Dúvida Direito - Partilhas Conjugais

citação:Originalmente colocada por JPR

citação:Originalmente colocada por zerorpm

Aliás se não são casados, a questão da partilha nem se coloca...

O que estará em causa será uma acção de divisão de coisa comum.

lê lá o título do tópico "Partilhas Conjugais"...;). Aliás, a coisa comum em causa não pode ser dividida, dado tratar-se de uma fracção habitacional... Não podes dividr um carro, uma casa, ela não fica com a cozinha e ele com a sala...
 
citação:Originalmente colocada por KarmaCop213

citação:Originalmente colocada por Carlos.L

É meter advogado nisto.

E nunca, mas nunca me hei-de casar sem ter um acordo pré-nupcial. :)
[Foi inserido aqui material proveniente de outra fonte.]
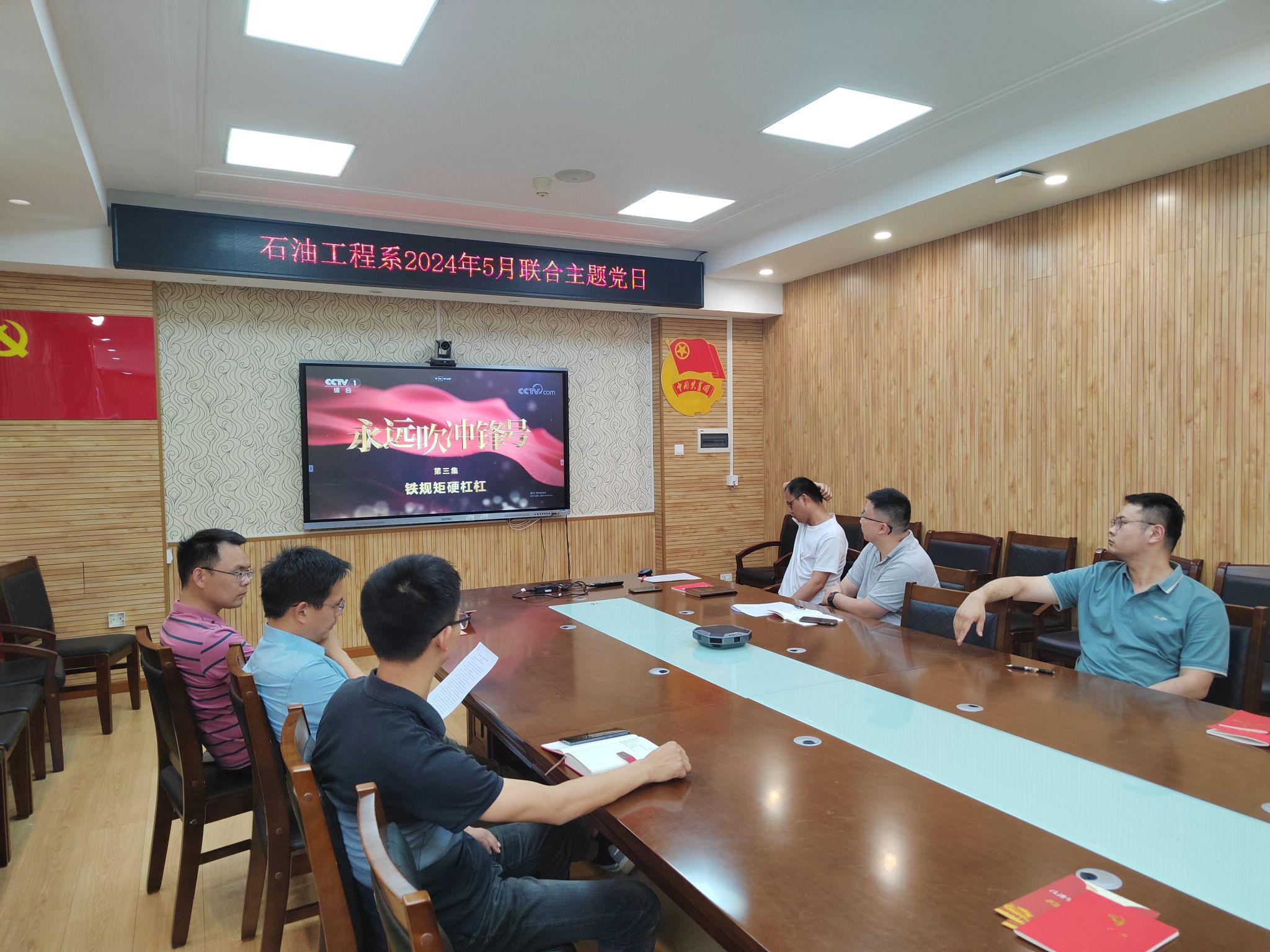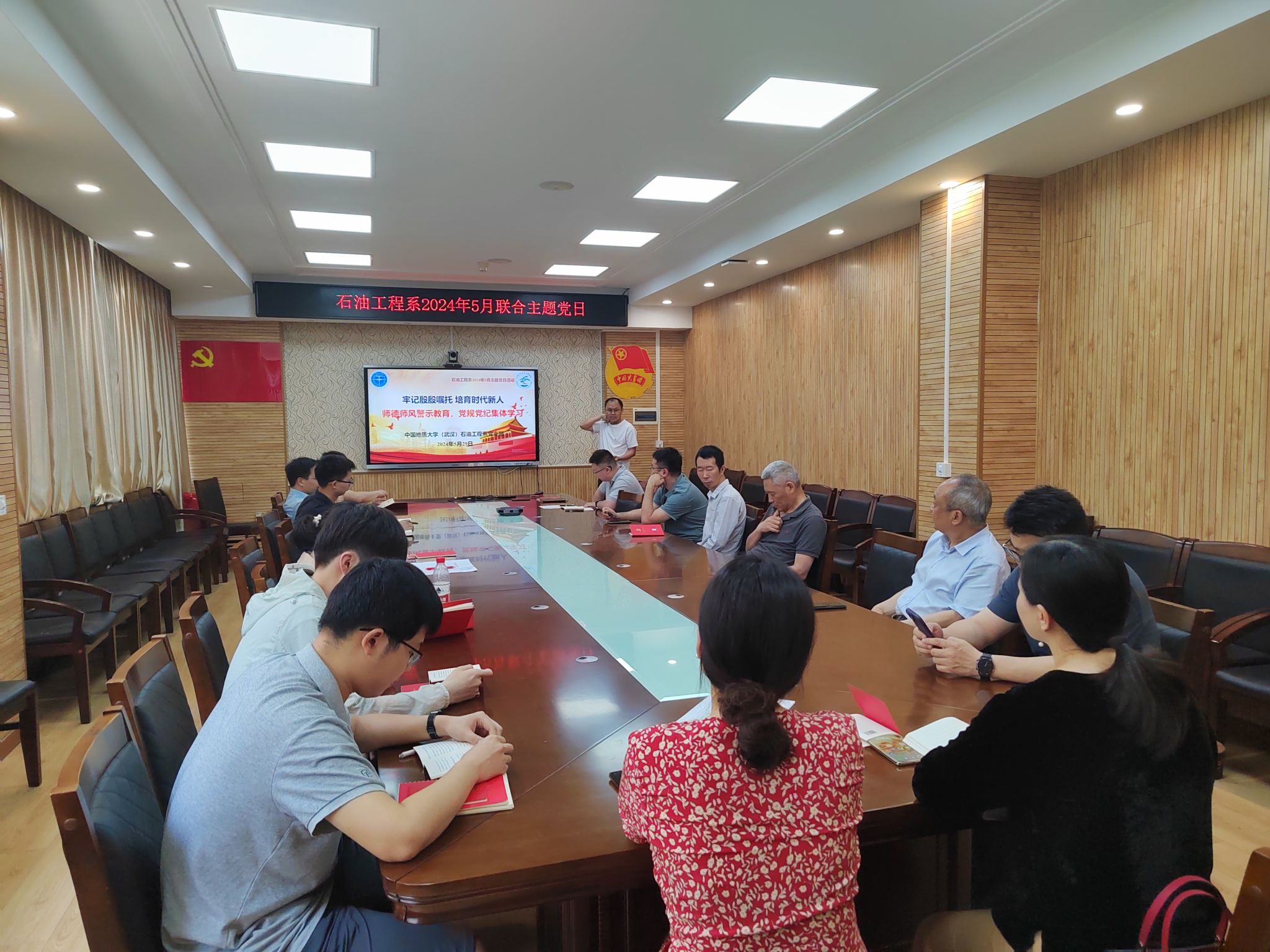 会议集中学习了习近平总书记五四青年节对全国广大青年寄语精神、习近平总书记对学校思政课建设作出的重要指示、《中国共产党党员网络行为规定》和《中国地质大学(武汉)师德师风教育应知应会》,教工党支部书记张恒同志领学《中国共产党纪律处分条例》,与会人员集中观看《永远吹冲锋号》第三集:铁规矩硬扛扛,开展党纪、师德师风警示教育。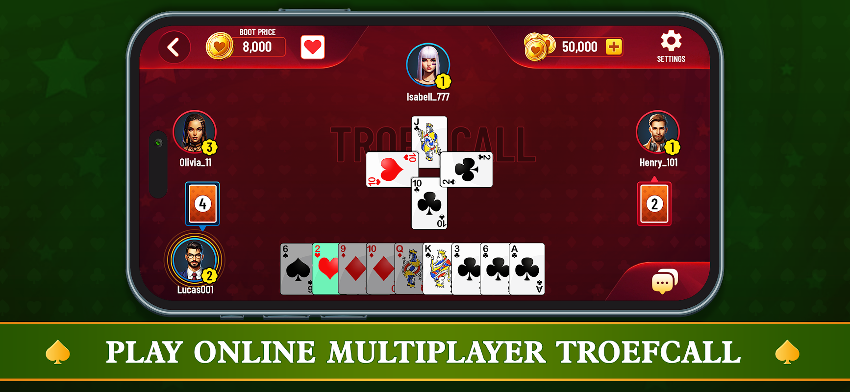 Play solo against smart AI or challenge your friends in real-time multiplayer. Choose your trump, master your strategy, and dominate the table. Whether you're a casual player or a competitive pro, TroefCall offers deep gameplay, cultural flavor, and exciting rewards.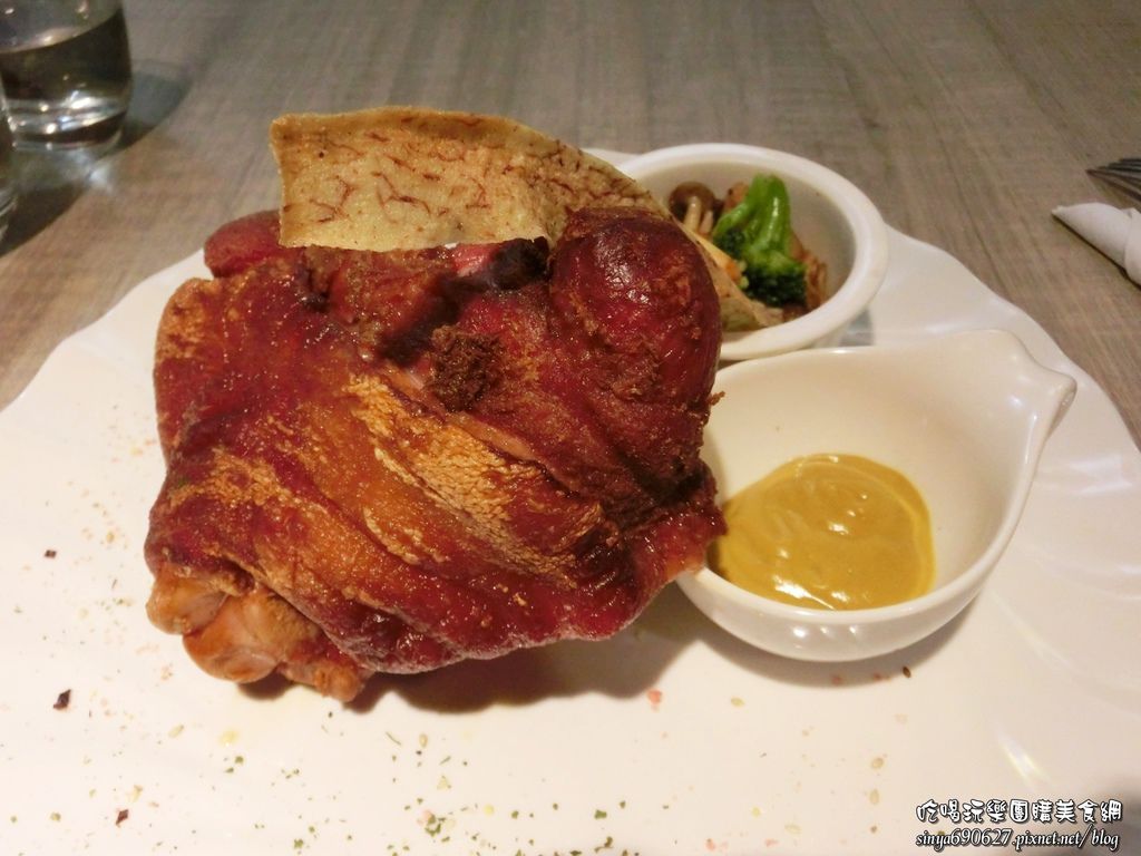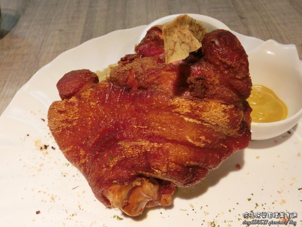 ▲『心滿藝筑 X Incontra』德國豬腳的份量真的好大,比我的臉還大阿!看到這香味四溢的豬腳已經令我們食指大動,想趕快大快朵頤一番。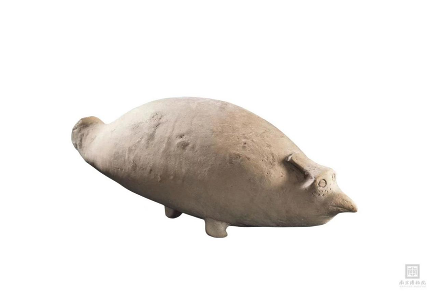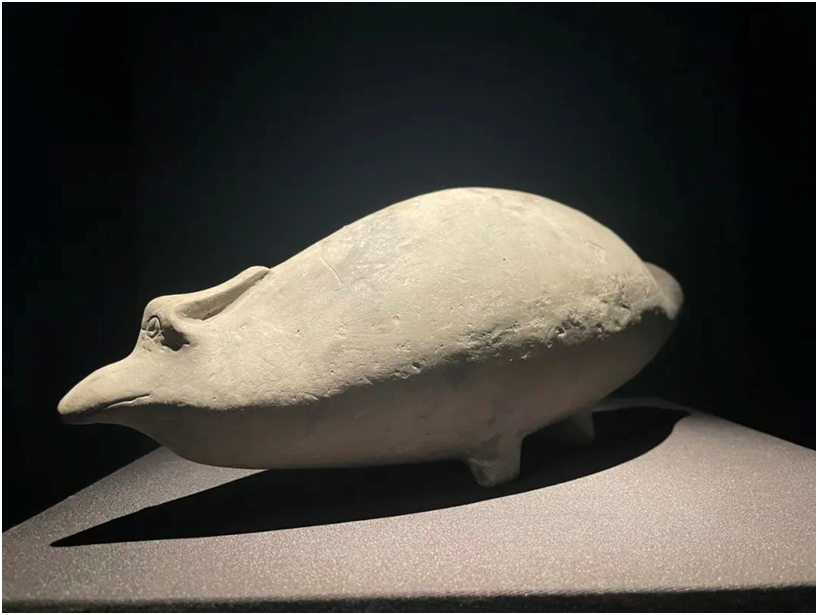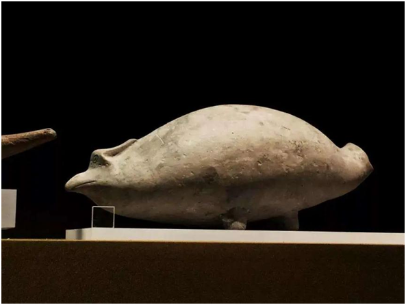 1960年出土于江苏吴江梅堰袁家埭良渚文化遗址中,距今5000年左右。陶壶长32.4cm,现藏于南京博物院。这件仿动物的陶壶大小约为真实江豚的1/7上下,江豚壶泥质灰陶,将江豚塑造得活龙活现,嘴尖如鸟喙,两眼向前斜视,头部毛冠微卷,体态肥柔硕胖而不失灵动,尾鳍上翘作了壶口,腹内空。捏塑手法率意洗炼、形象生动,整体造型生动逼真,体现了江豚在水中游动摆尾的姿态。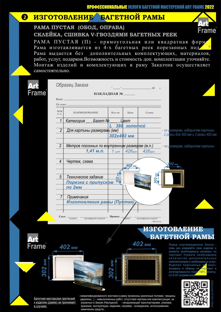 замеры). Рамка изготавливается строго по размерам указанным Заказчиком,
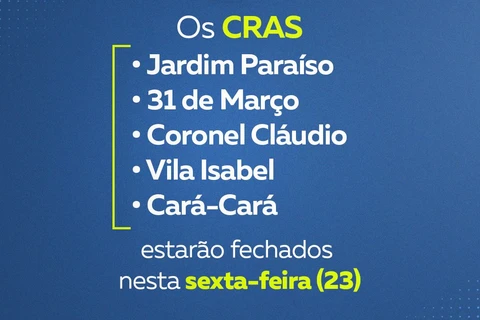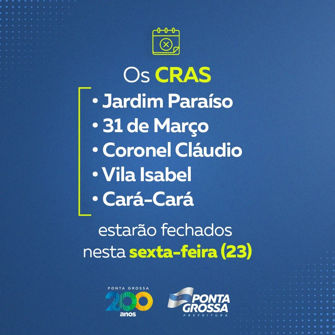 COM ASSESSORIAS - A Prefeitura Municipal de Ponta Grossa, através da Fundação de Assistência Social, informa que nesta sexta-feira (23) os CRAS Jardim Paraíso, 31 de Março, Coronel Cláudio, Vila Isabel e Cará-Cará estarão fechados em virtude da Festa Junina para os grupos do Serviço de Convivência e Fortalecimento de Vínculos (SCFV) e Serviço de Proteção e Atendimento Integral à Família (PAIF) das unidades.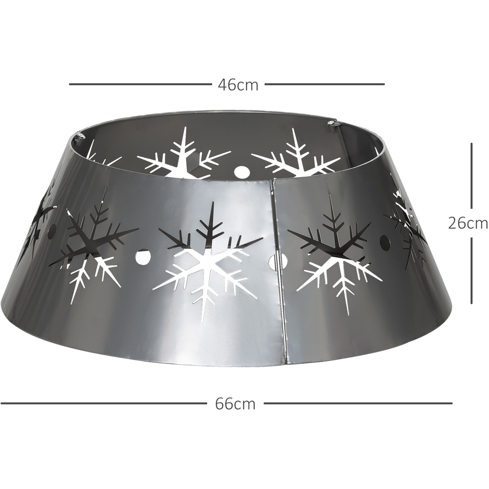 Elevate your holiday decor with the Everglow Hollow Snowflake Pattern Christmas Tree Base Cover. It features a chic silver finish and delicate hollow snowflake pattern, this charming Xmas tree base cover adds a magical touch while discreetly hiding your tree stand. Crafted from electrophoretic steel with a powder coating, it ensures your Christmas tree bottom looks sleek and festive season after season.

E ela pergunta logo: "Não confias em mim? Vais-te casar comigo sem confiar em mim? A minha mãe bem me avisou... (etc, etc)".

Pois, mas o seguro morreu de velho! :D
 
Um acordo pré-nupcial não tem nada a ver com o amor ou dinheiro, ou a falta dos 2.

É apenas uma questão prática, que recomenda a toda a gente e eu também o farei, podem ter a certeza.

Numa altura em que a taxa de divórcio é de 50% dos casamentos, e que se levarmos em conta que nem toda a gente mal-casada se divorcia, há que ser prático. :D

E também para defender os interesses da outra parte, naturalmente. [8D]
 
citação:Originalmente colocada por Rasec

Conheço um caso pior com um conhecido meu!

Após namorar muitos anos com uma miuda, decidiram ir viver juntos. O pai do rapaz pagou a casa, mas por motivos fiscais a casa foi registada em nome dela.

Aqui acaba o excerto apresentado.